[Assignment] The copy should hold only the line containing "Leopard Floral Tie Halter Bikini" and the lines after it through the end of the material, each exact, with no pictures.

═══

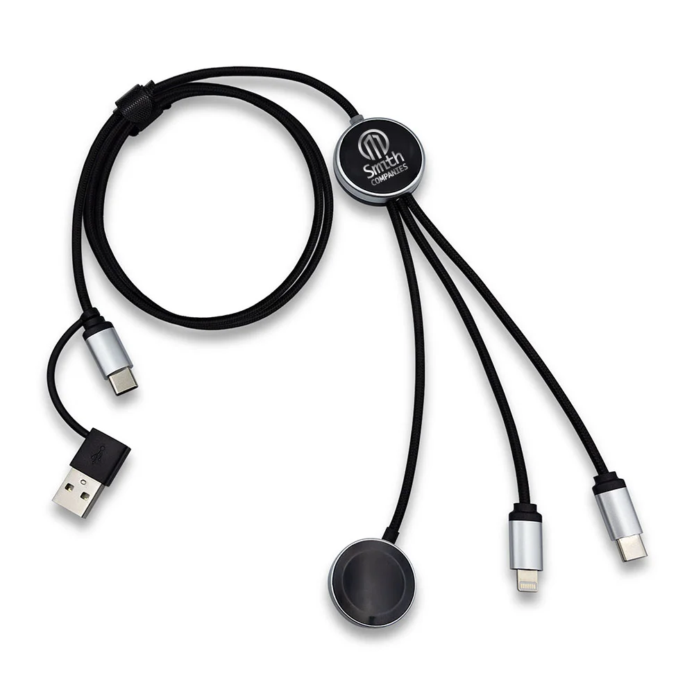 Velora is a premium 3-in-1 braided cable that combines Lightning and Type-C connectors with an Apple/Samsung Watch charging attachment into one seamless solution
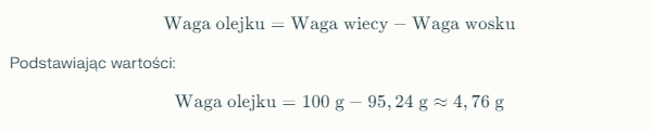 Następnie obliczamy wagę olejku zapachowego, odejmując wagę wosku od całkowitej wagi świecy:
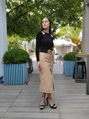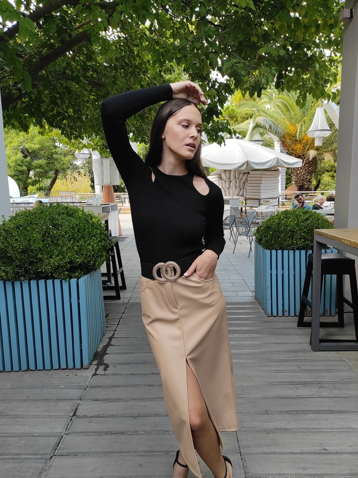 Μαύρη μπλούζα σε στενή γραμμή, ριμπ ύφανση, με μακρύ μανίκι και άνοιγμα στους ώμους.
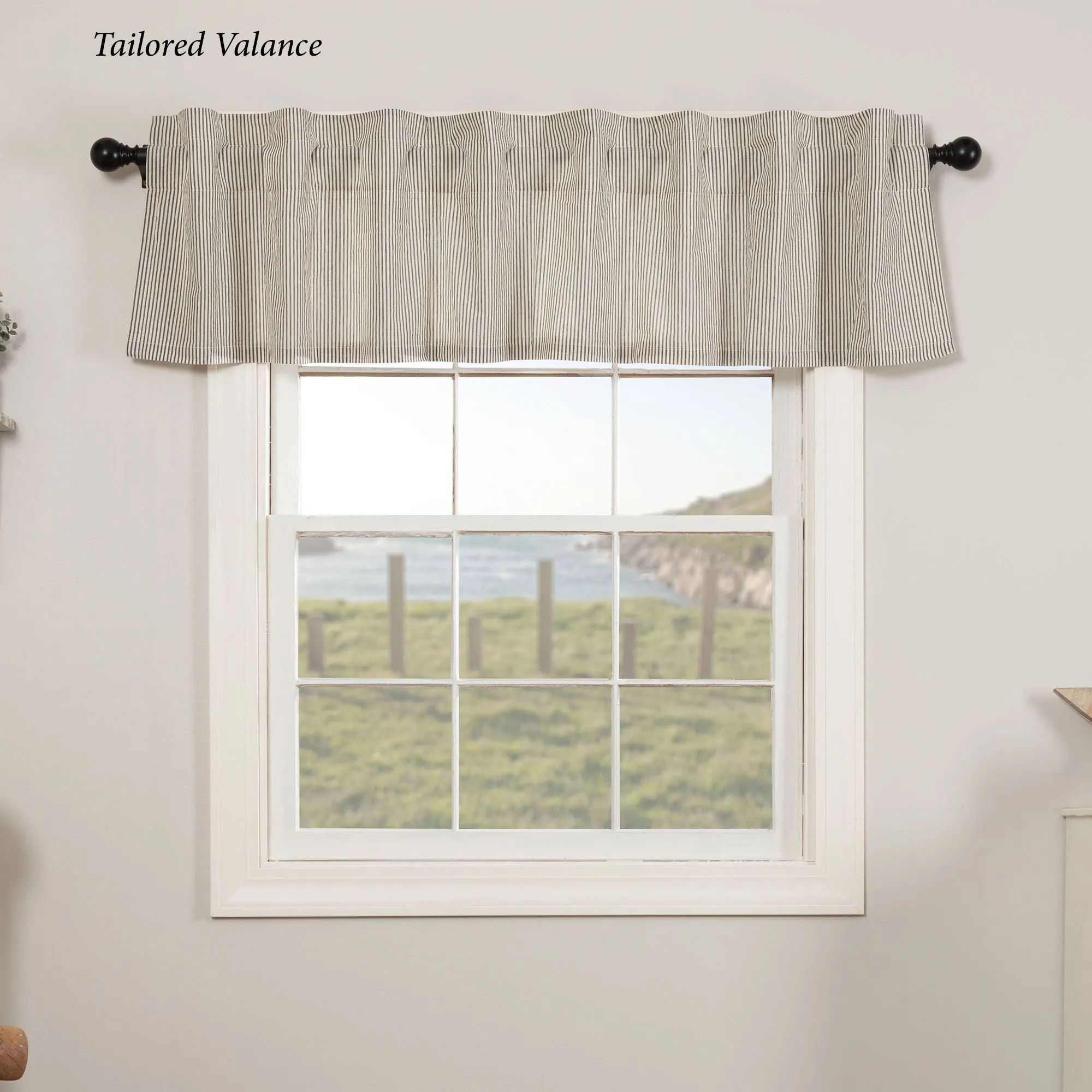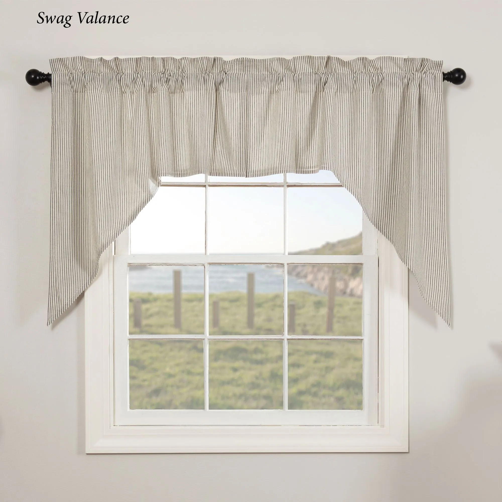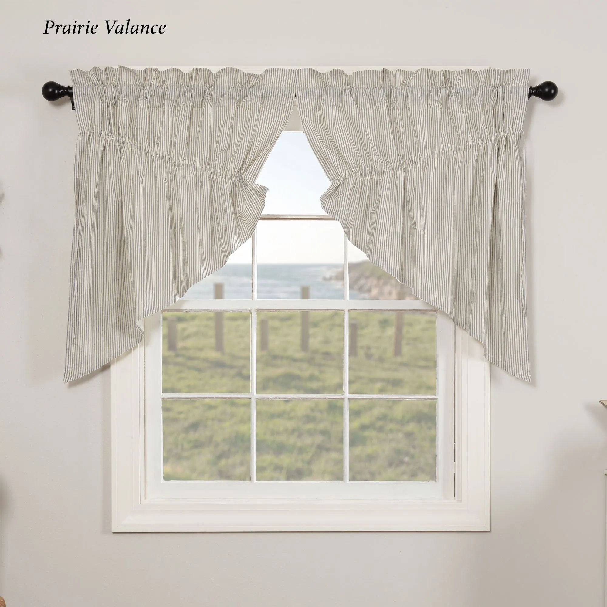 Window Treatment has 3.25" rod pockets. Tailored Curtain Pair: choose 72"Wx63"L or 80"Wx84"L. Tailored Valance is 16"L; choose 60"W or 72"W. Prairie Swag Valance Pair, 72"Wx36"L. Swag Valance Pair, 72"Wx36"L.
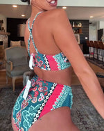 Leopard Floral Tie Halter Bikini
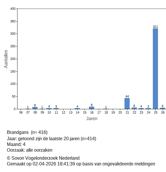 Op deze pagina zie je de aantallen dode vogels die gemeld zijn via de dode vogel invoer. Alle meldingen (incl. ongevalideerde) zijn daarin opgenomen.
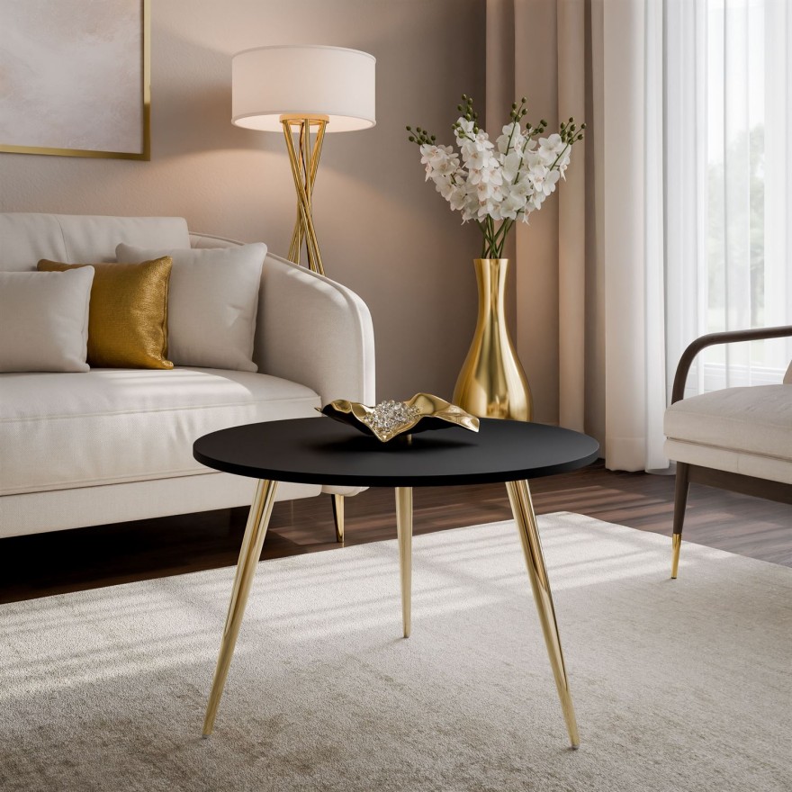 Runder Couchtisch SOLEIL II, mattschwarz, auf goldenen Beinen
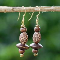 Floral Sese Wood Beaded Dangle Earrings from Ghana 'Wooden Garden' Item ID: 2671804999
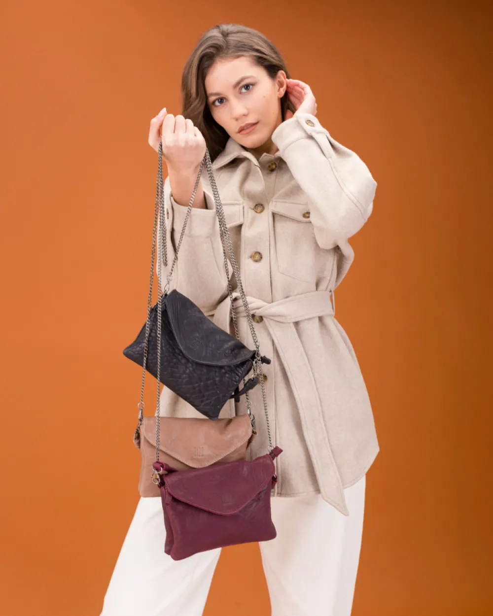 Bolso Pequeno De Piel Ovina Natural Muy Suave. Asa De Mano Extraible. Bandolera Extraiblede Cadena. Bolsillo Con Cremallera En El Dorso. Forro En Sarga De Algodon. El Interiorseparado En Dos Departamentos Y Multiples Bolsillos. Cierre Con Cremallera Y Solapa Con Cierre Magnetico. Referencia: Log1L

═══

[Reply to the exercise]
 Leopard Floral Tie Halter Bikini
 Op deze pagina zie je de aantallen dode vogels die gemeld zijn via de dode vogel invoer. Alle meldingen (incl. ongevalideerde) zijn daarin opgenomen.
 Runder Couchtisch SOLEIL II, mattschwarz, auf goldenen Beinen
 Floral Sese Wood Beaded Dangle Earrings from Ghana 'Wooden Garden' Item ID: 2671804999
 Bolso Pequeno De Piel Ovina Natural Muy Suave. Asa De Mano Extraible. Bandolera Extraiblede Cadena. Bolsillo Con Cremallera En El Dorso. Forro En Sarga De Algodon. El Interiorseparado En Dos Departamentos Y Multiples Bolsillos. Cierre Con Cremallera Y Solapa Con Cierre Magnetico. Referencia: Log1L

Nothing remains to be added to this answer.